My Mother passed on June 10th at Ingersoll Hospital. She was looking above my daughter’s eyes. It was a very sad moment but, a beautiful one all the same. My Mom was my daughter’s best friend and mine too. Over the past month, I have been trying to make her house a home for my daughter and I. It’s been a horribly rough four years for everyone. Now, we are all left to our own thoughts, our own recollections, and our own memories. The good, the bad and the ugly.

I had the opportunity to find answers over the course of the past two months. More so from my daughter who I have been helping get over her angst and sadness. Things she already knew, but had to hear it from someone else.

I am writing this “Just Like My Mom” post as, I too had some really eye-opening revelations. Thanks to JE, NH, and CJ, I read interesting messages on how I am “Just Like my Mom.” For that, I say thank you, because I am so proud that I am.

My Mom was a loyal soul

She was as loyal to her family as can be. She would defend us til her death.

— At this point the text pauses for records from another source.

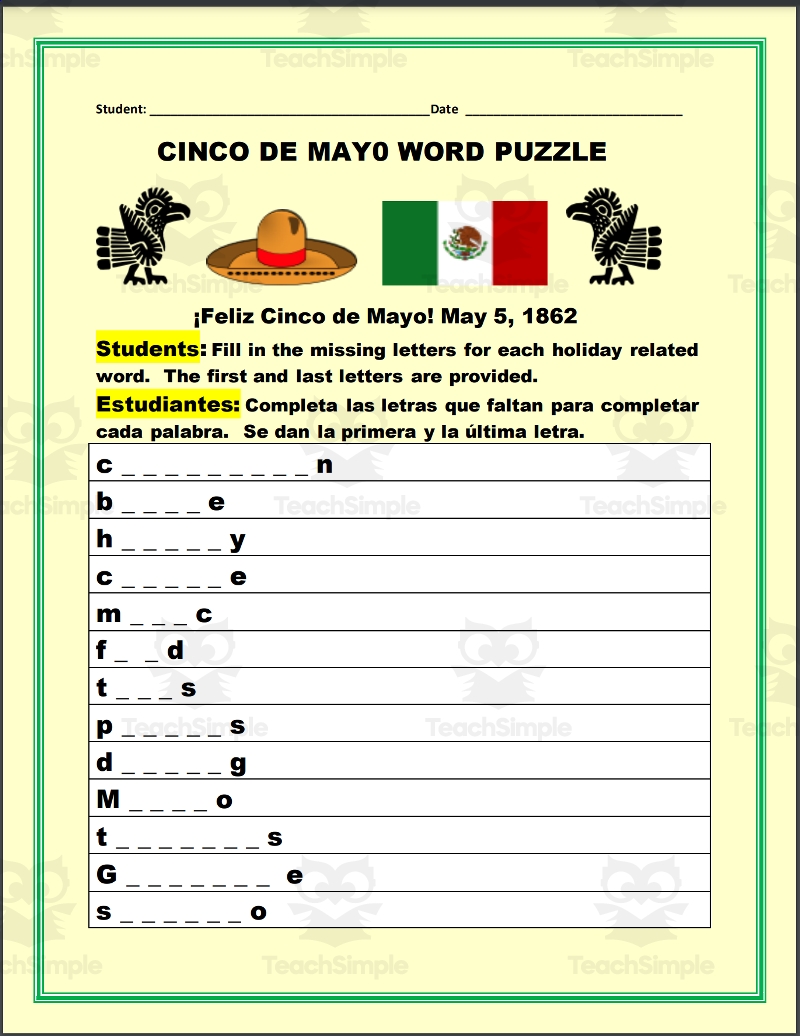 So, this Cinco De Mayo, why not spice up your celebrations with some puzzle worksheets? They are a fantastic way to keep kids entertained while also learning about the history and traditions of this important holiday. Give them a try and watch as your children have a blast while learning!
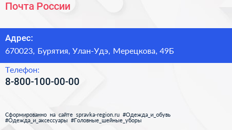Почта России по адресу 670023, Бурятия, Улан-Удэ, Мерецкова, 49Б в дальнейшем Организация, размещена в следующих категориях:
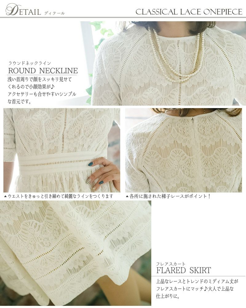 ピュアな女性の魅力を引き出す上品ワンピース クラシカル 総レース ミディアムワンピース
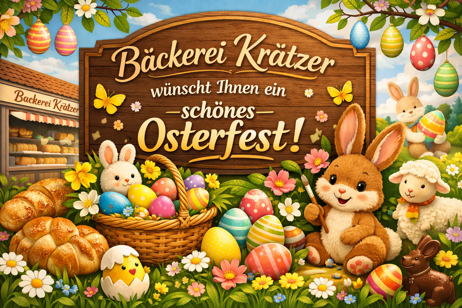 Wir haben für Sie Ostern viele Osterleckereien im Angebot. Lassen Sie sich verführen und probieren Sie unsere Osternester, Osterbrote oder unsere Osterhasen aus Quarkteig.

She would also stand up for herself. Little did I know until later years, that the struggle she had was due to many life long lessons and hurt. So, she didn’t stand up for herself enough.

My Mom would never be caught on dating sites, never dated a married man, or ventured on websites looking for a 20 year old stud. She never strayed. She was a loyal wife and Mother.

As a Mother and Daughter, we struggled with our relationship during my teens, my twenties and right into my thirties. She was hard on me, and I was hard on her. I’m sad that I only learned about her pain four short years before she passed on. Til almost her death, she was loyal. She let everyone put her down because of it. She spread her honesty onto me and I grew from it.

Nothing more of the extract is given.